15 de Fevereiro
de 2015
Pouco a pouco o Evangelho de Marcos vai mostrando
quem é Jesus. O episódio de hoje é o terceiro milagre recordado em vista desse
objetivo.
Já vimos, na I leitura, a situação de marginalidade em que se
encontrava o leproso. Essa situação era mais grave no tempo de Jesus, pois tudo
girava em torno do puro/impuro. Quem controlava esse rígido código de pureza
eram os sacerdotes. Cabia a eles declarar o que podia ou não podia ter acesso a
Deus. Deus estaria sob o controle dos sacerdotes e do código de pureza.

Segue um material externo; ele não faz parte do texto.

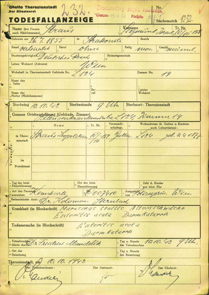 Strauss Sigmund: Death certificate, Ghetto Terezín
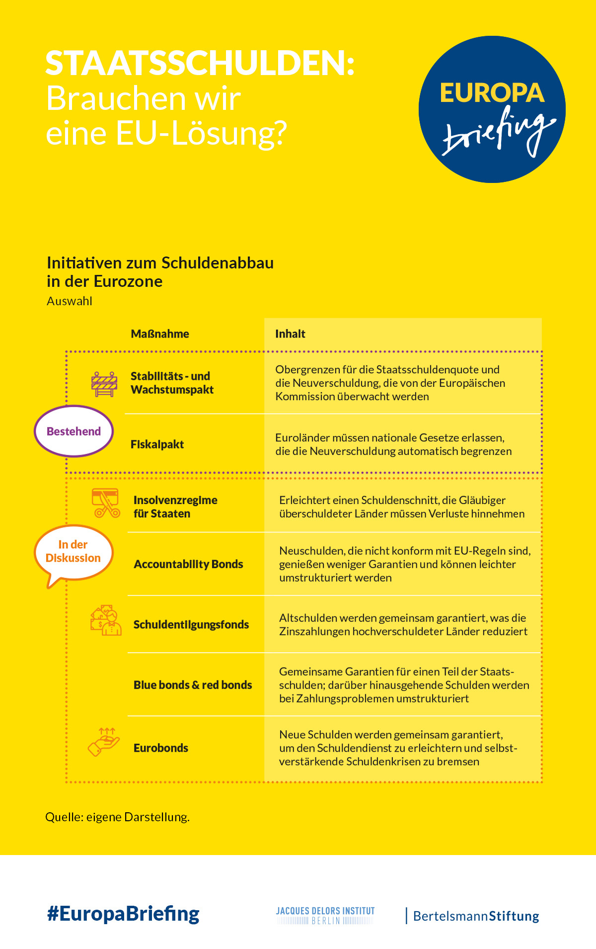 Im Rahmen des Projekts „Repair and Prepare: Strengthen the euro“ erklären wir gemeinsam mit dem Jacques Delors Institut – Berlin in der Publikationsreihe „Europa Briefing“ Schlüsselthemen der Europapolitik und stellen mögliche Szenarien vor: Was ist das Problem? Wie könnte es weitergehen? Und was kann die Politik jetzt tun?

O leproso certamente sabia disso. Sabia também que sua vida – e sua
libertação da marginalidade – não dependiam do Templo e dos sacerdotes, pois
estes só constatavam a cura ou a permanência da doença em seu corpo. Diante
disso, o leproso toma uma decisão radical: não vai ao sacerdote, e sim a Jesus.
Ajoelha-se diante dele e pede: “Se quiseres, podes curar-me”. Reconhece que o
poder da cura que o tira da marginalidade não vem da religião dos sacerdotes, e
sim de Jesus. Notemos outro aspecto importante: ao invés de ficar à distância e
gritar sua marginalização, aproxima-se e manifesta sua adesão a Jesus enquanto
fonte de libertação e vida: “Se quiseres, podes curar-me”. Viola a lei para ser
curado.
Jesus quer curar o leproso de sua marginalização, devolvendo-lhe a
vida. Para os homens daquele tempo, curar um leproso era sinônimo de
ressuscitar um morto. Mas a ação de Jesus é precedida por uma reação. De acordo
com a maioria das traduções, a reação de Jesus se traduz em compaixão. Algumas
traduções, porém, em vez de ler “compaixão”, lêem “ira”. Jesus teria ficado
furioso. Não certamente contra o leproso, mas contra o código de pureza que, em
nome de Deus, marginaliza as pessoas, considerando-as como mortas. É contra
esse sistema religioso que Jesus se revolta. E o transgride também.
De fato, acreditava-se que a lepra fosse contagiosa. Jesus quebra o
código de pureza, tocando o leproso. Com isso, de acordo com o sistema
religioso vigente, torna-se impuro: torna-se leproso e fonte de contaminação.
Por exemplo no Lv 5,5-6, além de ficar impuro Jesus deveria oferecer um
sacrifício!. Torna-se marginalizado e não poderá mais entrar publicamente numa
cidade: deverá ficar fora, em lugares desertos, como os marginalizados. O Filho
de Deus foi morar com os marginalizados. Aqui o Evangelho de Marcos mostra quem
é Jesus: é aquele que rompe os esquemas fechados de uma religião elitista e
segregadora, indo habitar entre os banidos do convívio social.
Curado o leproso, Jesus o expulsa. É esse o sentido da expressão “o
mandou logo embora”. A expressão é forte e, ao mesmo tempo, estranha. Mas não é
estranha se a lermos na ótica da ira de Jesus contra o código de pureza que
marginaliza as pessoas: ele não quer que elas continuem vítimas de um sistema
social e religioso que rouba a vida.
Jesus dá uma ordem ao curado: “Não conte isso a ninguém! Vá,
mostre-se ao sacerdote e ofereça o sacrifício que Moisés mandou, como prova
para eles!” Tudo leva a crer que a tarefa da pessoa curada consiste não em
divulgar o milagre, mas em colaborar para que o código de pureza seja abolido.
De fato, ele deverá se mostrar ao sacerdote para que este constate sua cura.
Sinal de que a cura não depende do código de pureza, nem da religião do Templo.
A expressão “como prova para eles” tem este sentido: o sacrifício serve como
testemunho contra o sistema que o declarava um punido por Deus e banido do
convívio social. O sacrifício tem, pois, caráter de denúncia e de abolição do
código de pureza.
Não sabemos se a pessoa curada teve a coragem de testemunhar contra
o sistema religioso que o mantinha na marginalidade. Marcos diz que o curado
“foi e começou a contar e a divulgar muito o fato” (v. 45a). A reação a esse
anúncio é evidente: Jesus não pode mais entrar numa cidade, pois, segundo o
código de pureza, está contaminado e é fonte de contaminação. Todavia, de toda
parte o povo vai procurá-lo, sinal de que está aberto um novo acesso a Deus.
Deus, em seu Filho, pode ser encontrado fora, na clandestinidade, entre os que
o sistema religioso e social discriminou.